Application of specialized pro-resolving mediators that orchestrate key cellular process driving resolution of acute inflammation and generating a pro-regenerative environment to promote bone healing is highly attractive. Local delivery of these molecules at the injury site circumvents the challenges of systemic pharmacokinetics and off-target effects. Biomaterials play a central role in these strategies as they can aid localized delivery of pro-resolving mediators into the injury site. Bone tissue regeneration is multi-factorial and involves multiple cytokines and cell populations. Hence, therapeutic interventions that integrate multiple signaling pathways and inflammatory mediators should be developed to promote better therapeutic outcomes. However, a greater understanding of the action of these molecules and specific cell populations involved, selectivity, and downstream signaling in bone tissue in health and diseases is needed to provide a foundation for therapeutic targeting and pharmacokinetic studies. Emerging studies also imply that the time and mode of administration of the pro-resolving mediators needs to be custom tailored to achieve the therapeutic outcome. For example, studies utilizing SPMs like MaR1 required administration of the molecule following 3 days post-fracture to observe any therapeutic outcome, while application of adenosine immediately following injury showed therapeutic benefits. These observations suggest the need for a candidate-dependent delivery strategy to meet the spatiotemporal function. The advent of stimuli-responsive materials can be harnessed to precisely control the time, dose, and duration of these therapeutic molecules [140, 189]. A biomaterial-based approach that senses the environment and accordingly releases the appropriate biomolecule to temporally regulate the immune and progenitor cells to stimulate a regenerative environment and restore tissue homeostasis will advance the translational potential. Further studies in bone injury, including local interventions and temporal analyses of cells at the single cell resolution and microenvironmental factors, will provide much needed insight into the mediators and processes that govern resolution of inflammation at the injury site.
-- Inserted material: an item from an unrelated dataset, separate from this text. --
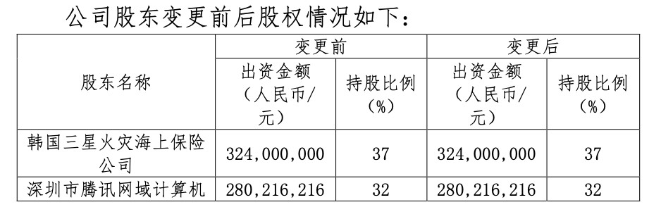 After the capital increase, Korea's Samsung Fire & Marine Insurance maintains a 37% shareholding, making it the largest shareholder; Shenzhen Tencent Network Computing holds 32%, making it the second-largest shareholder; Junlan Hotel and Manbat (Zhangjiagang) Investment Development each hold 11.50%, ranking as the third-largest shareholders.

It is interesting to note that some molecules have pleiotropic functions in immunomodulation, osteogenesis and/or angiogenesis. These multi-functional molecules could be ideal therapeutic candidates to promote bone repair. Leveraging such multi-functional molecules that can regulate various relevant signaling pathways and cell populations will further advance the current efforts focusing on endogenous healing mechanisms to promote bone regeneration and fracture repair. In the case of bone tissue repair, biomaterials have also been used as bone grafts for treating large bone defects. Most of these approaches target a single biological event and lack approaches that can target different phases of bone healing and drive dynamic crosstalk between various cell populations. Incorporation of molecules with pleiotropic functions could also have a significant impact in improving the functions of bone grafts.

To date, although many biomaterials have been developed that promote fracture healing and also contribute to immunomodulation, most of the research has yet to be translated into the clinic. Currently, autografts or allografts are the most frequently used bone grafts, and given their biological origin, they could provide some beneficial effect towards resolution of inflammation although this is not very well established. Other widely used biomaterials containing calcium phosphate minerals that are shown to promote fracture healing can potentially contribute to immune modulation via sequestration of growth factors [190, 191], other pro-resolving mediators, or by contributing to the extracellular adenosine [96]. Recently the FDA approved a bioresorbable thermoset screw that releases citrate molecules, which has been shown to exhibit anti-inflammatory functions [192, 193]. Although still in its infancy, the emerging evidence overall strongly indicates that therapeutic approaches integrating molecules that can actively resolve acute inflammation will be an efficient therapeutic strategy to promote bone tissue repair and mitigate delayed healing and non-unions.